#### What is needed:
Omit the pictures and return exactly the stretch of the material below from the line with "- 【Große Auswahl" through the line with "Tilting Futures is".

#### Data:
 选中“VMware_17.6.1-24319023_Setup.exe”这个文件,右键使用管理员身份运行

...

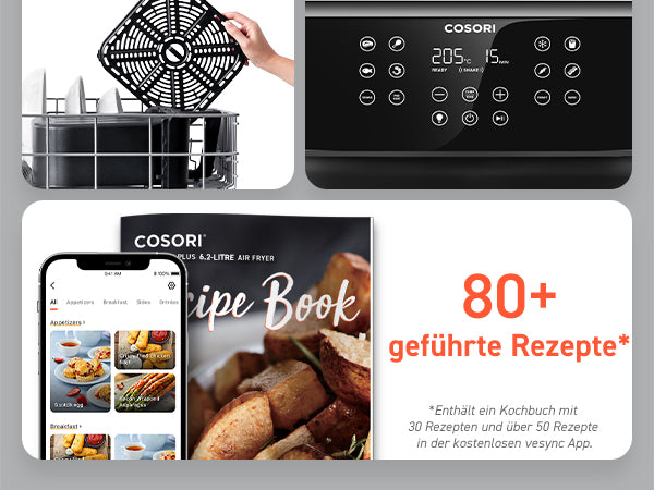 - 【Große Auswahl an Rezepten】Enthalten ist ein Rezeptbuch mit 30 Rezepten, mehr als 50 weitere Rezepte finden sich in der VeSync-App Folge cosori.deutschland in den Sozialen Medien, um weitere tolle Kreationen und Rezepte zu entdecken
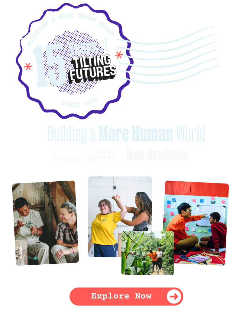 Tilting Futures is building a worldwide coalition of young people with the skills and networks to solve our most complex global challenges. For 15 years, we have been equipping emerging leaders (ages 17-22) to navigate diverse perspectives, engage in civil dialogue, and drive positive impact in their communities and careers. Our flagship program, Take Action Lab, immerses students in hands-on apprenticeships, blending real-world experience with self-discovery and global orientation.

#### Task solution:
 - 【Große Auswahl an Rezepten】Enthalten ist ein Rezeptbuch mit 30 Rezepten, mehr als 50 weitere Rezepte finden sich in der VeSync-App Folge cosori.deutschland in den Sozialen Medien, um weitere tolle Kreationen und Rezepte zu entdecken
 Tilting Futures is building a worldwide coalition of young people with the skills and networks to solve our most complex global challenges. For 15 years, we have been equipping emerging leaders (ages 17-22) to navigate diverse perspectives, engage in civil dialogue, and drive positive impact in their communities and careers. Our flagship program, Take Action Lab, immerses students in hands-on apprenticeships, blending real-world experience with self-discovery and global orientation.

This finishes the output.